27 Jul 2016

A Live Coal in the Sea (by Madeleine L'Engle)

A live coal in the sea by Madeleine L'Engle
(Amazon UK link)
When I read Madeleine L’Engle’s teenage novel ‘Camilla’ about a month ago, I commented at the end of the review that I found the ending rather inconclusive. I cared enough about the main character that I wanted to know what would happen. I hadn’t expected to discover what the author intended, so was very pleased when a friend told me that there’s a sequel, and lent it to me.

‘A Live Coal in the Sea’ is decidedly an adult rather than teenage novel. Camilla, who was in her teens in the first book, is now a grandmother in her fifties. The first chapter shows her receiving a special award for her work in astronomy. It also introduces her adult son Taxi, who is an actor, and her daughter Frankie, who is an illustrator. Camilla has a student granddaughter too, Raffi, with whom she is very close; the daughter of Taxi and his wife.

However most of the story takes place in the past, in a series of flashbacks that move through Camilla’s life from the time when she was a student herself. The story is held together by conversations between Camilla and Raffi, who has been told something very disturbing by her father. There’s evidently some complex and rather murky secret in the family’s past, and Camilla decides that it’s time to speak out.

The book then gradually moves us forward through Camilla’s life, cleverly written so as to introduce a little of the story at the time. Every so often a little more time passes and we see her with Raffi again. It’s not entirely clear which sections are Camilla remembering, and which ones express what she actually talks about, but it doesn’t matter. The device works, even if the conversations between Camilla and Raffi are a bit stilted in places, and I found myself quickly drawn into the story, intrigued to find out how it would all fall into place.

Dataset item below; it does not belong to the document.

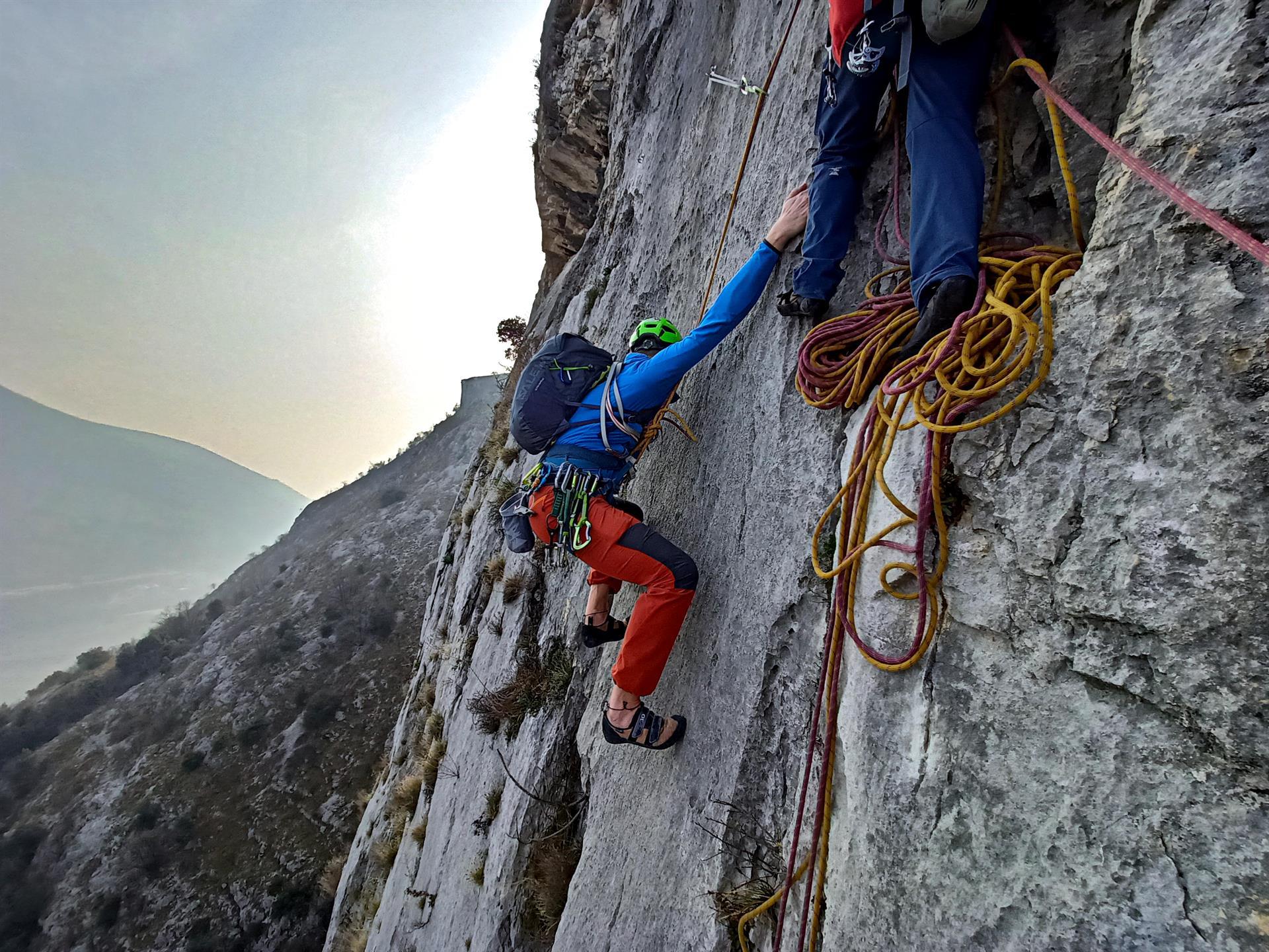 Le protezioni sono a tratti molto vicine e a tratti più distanti (talvolta 4-5 metri), motivo per il quale ha senso portarsi dietro qualche friend medio/piccolo e qualche cordino per integrare (i cordini servono anche per le soste che sono a fix, ma da collegare).

While the blurb on the back calls this a ‘gripping and psychologically complex tale’, I didn’t find it tense or even particularly complicated, once I had become used to the switches in time. There are tangential comments about astronomy and simple number theory that I found interesting, but Camilla’s work mostly takes a back seat to her family life, and her relationship with her husband and extended family.

The characters are mostly three-dimensional and believable, and I found myself growing particularly fond of Camilla’s in-laws. It wasn’t a difficult read and I finished it in just a couple of days. Overall, I thought it a satisfying sequel which does, indeed, take the story forward and shows what happens in Camilla’s later life. Her close friend Luisa is also involved in the novel though the two are, inevitably, less close than they were as teenagers.

Older teens might enjoy this, but be warned that there there is some ‘adult’ content, including one particularly disturbing memory, and several rather frank discussions about sexuality. As with most of L’Engle’s books there’s a low-key Christian theme too, but it’s not pushy at all. The church is very much a part of Camilla’s life as she marries into a clerical family, so faith of some kind is taken for granted.

All in all, I liked this book very much.